Thats an interesting read. I would like to see the doses involved with the meds if you have them Nytol.

I have always followed a 100mcg limit with 6 weeks usage time.


----------



## Nytol (Jul 16, 2005)

Sorry mate, I dont have the doses, but a replacement dose, would have fully shut down thyroid production, just like a 200mg test dose will shut down test as much as 1g, so a higher dose of thyroid, could not shut you down further, if you get what I mean?

I think 100mcg is enough for T3, I dont think more is better with this drug, but it would seem you could run it longer if you wanted/needed to, but judging by your condition, I cant see that being an issue.

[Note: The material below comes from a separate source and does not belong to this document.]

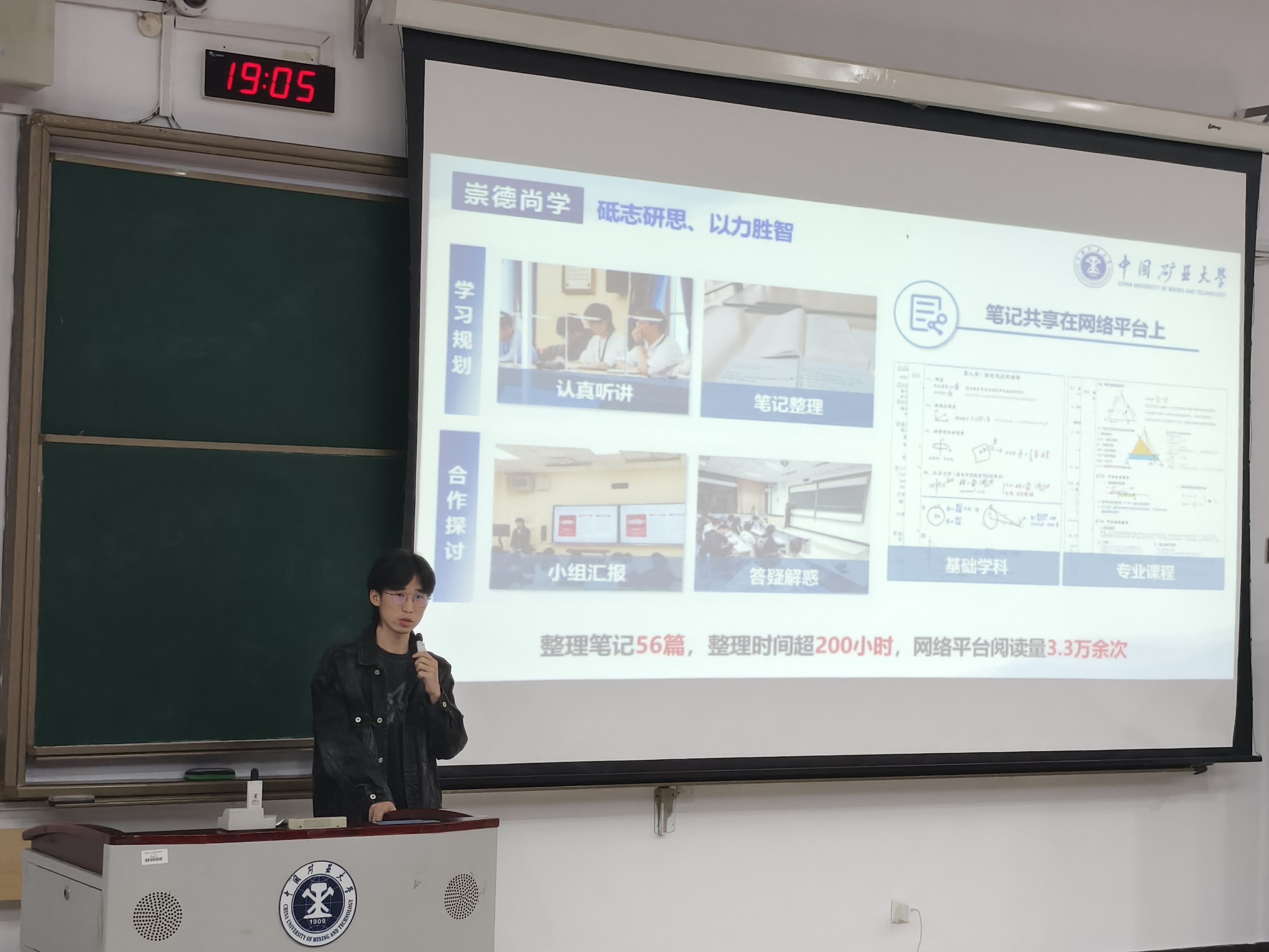 活动伊始,俞嘉濠以“以力胜智,明晰规划”为主题,从学习、竞赛以及学生工作等几个角度讲述了自身保持优秀的心路历程。随后,李孟阳以“八大方针”强调了学习方法的重要性,激励大家志存高远,砥砺前行。之后,杨腾锐以自身实例希望同学们以“不放弃”的精神抓好学习这个主业。然后,李志仁以自身不断失败却不断触底反弹的例子鼓励大家不惧当下的失利。辅导员胥振勉励同学们要坚定理想信念,树立正确的价值观,拥有强健的体魄和扎实的学识,勇于尝试各类活动,不断提升自己的综合素质能力。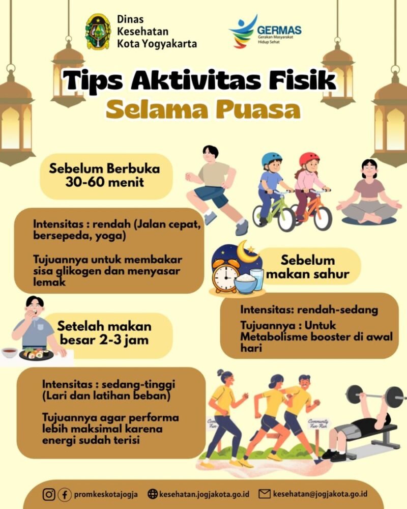 Melalui panduan ini, Dinas Kesehatan Kota Yogyakarta berharap masyarakat tetap dapat menjaga kebugaran tubuh selama menjalani puasa. Aktivitas fisik yang dilakukan dengan waktu dan intensitas yang tepat dinilai dapat membantu menjaga kesehatan serta meningkatkan daya tahan tubuh selama Ramadan. (Aga)

I dont agree with people using 200mcg just because they are sloppy with their diet.


----------



## the_gre8t_1ne (Apr 18, 2005)

Nytol said:


> http://www.mindandmuscle.net/mindandmuscle/magpage.php?artID=999100
> 
> I was going to just copy and paste the relevant parts, but the whole article is well worth a read, and so are all his others if you have some time to read and understand them.
> 
> ...


Nice read, nice to know im not gonna fudge my thyroid anytime soon! tho ill still tapper down due to me being cautious!


----------



## streetwise (Oct 15, 2006)

Our lass tried thermo lipid became paranoid as hell and had me arrested. She did look well on it LOL


----------



## Nytol (Jul 16, 2005)

streetwise said:


> Our lass tried thermo lipid became paranoid as hell and had me arrested. She did look well on it LOL


PMSL 

At least she looked good for you when you came out, lol.

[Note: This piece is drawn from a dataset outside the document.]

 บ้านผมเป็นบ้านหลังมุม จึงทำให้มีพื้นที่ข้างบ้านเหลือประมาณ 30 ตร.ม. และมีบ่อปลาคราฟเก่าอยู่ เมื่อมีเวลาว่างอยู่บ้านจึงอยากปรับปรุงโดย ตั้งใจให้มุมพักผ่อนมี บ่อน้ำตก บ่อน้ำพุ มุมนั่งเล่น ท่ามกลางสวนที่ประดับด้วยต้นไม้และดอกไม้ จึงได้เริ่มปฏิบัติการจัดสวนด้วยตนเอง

Clen can make some people jittery, it does me if I go more than 100mcg.


----------



## streetwise (Oct 15, 2006)

I think Clem can cause people tobe paranoid. Funny as hell cause i took the bottle off her and through it down the garden. Realy funny the police search the garden in the dark and gave her them back. LOL


----------



## Nytol (Jul 16, 2005)

That's even more funny 

Police seaching the garden for illegal drugs, to give back to her, lol.


----------



## streetwise (Oct 15, 2006)

Yes mate true, they wasnt bothered. Made me luck a right **** on our street.


----------



## SARA C (Aug 22, 2007)

Pscarb said:


> i have used it many times and still using it now it is a great product but as others have said gradually step the dose up....


Hi,

Can you help me. Im trying to lose a little body fat but need a little help so i got my hands on Thermo-Lipid Stack. I have tried clenbuterol before but with no results.

Im female, 29,5'6'' and weigh 9.9, train weight 4-5 x per week and cardio 2-3 x per week but just can't shift the weight.


----------



## 3752 (Jan 7, 2005)

you need to look at your diet Sara because if you are doing what you say you are doing then you should be shifting the weight...

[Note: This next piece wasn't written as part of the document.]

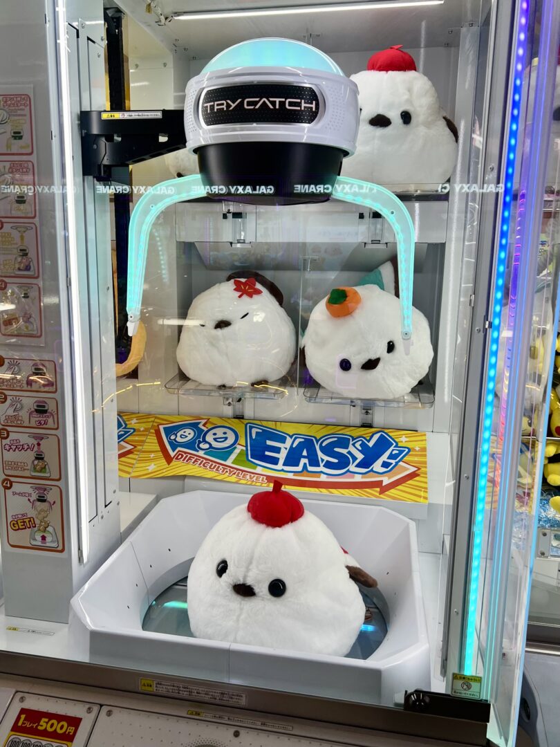 On aurait probablement dû prendre celle-ci, où c’est plus cher mais où tes chances sont en théorie plus grandes vu que t’as juste un gros toutou et la pince est au-dessus. Nos 2 tentatives sur la machine régulière ont été des échecs.

the clen u used must of been fake if you use real clen it does make a difference.

i think the dose for this stuff is 1ml a day for a female so i would start on half a ml and work up to a ml over a 10 day period.


----------



## Great White (Apr 4, 2003)

As PSCarb said Sara, we need to look at your diet.

Post up a typical days food and maybe the weekends food (if you relax a little on your diet at the weekend)

Even the smallest things can make a differece.

I know one girl who was getting ready for a show and was struggle to drop the last fwe % of fat a few weeks out.

Turned out she forgot to stop drinking the double latte coffee in the morning!! (about 20g fat!)


----------



## supercell (Aug 23, 2005)

I have used thermo in the past but the clen made it intolerable for me. Jitters, nervousness etc, even after 5 days on it there was no let up. I now just use the liquid t3 along side some ECA. As with the others I will use a max of 100mcgs but only for around 10 days but have stayed on 25-75mcgs for 'many' weeks.

As Nytol said tapering isn't needed (but most people do it) as last year I had to stop abruptly after 4 months on it when my doc said he wanted to check my levels due to low cholesterol. 10 days after stopping I had the test (was on 100mcgs prior to stopping) and my thyroid was perfect.

I know pscarb has found similar results with blood work too. Tapering or not T3 is a very effective med in the right conditions but as the other guys say, diet and cardio are the first plan of attack, then add in the others as progress slows.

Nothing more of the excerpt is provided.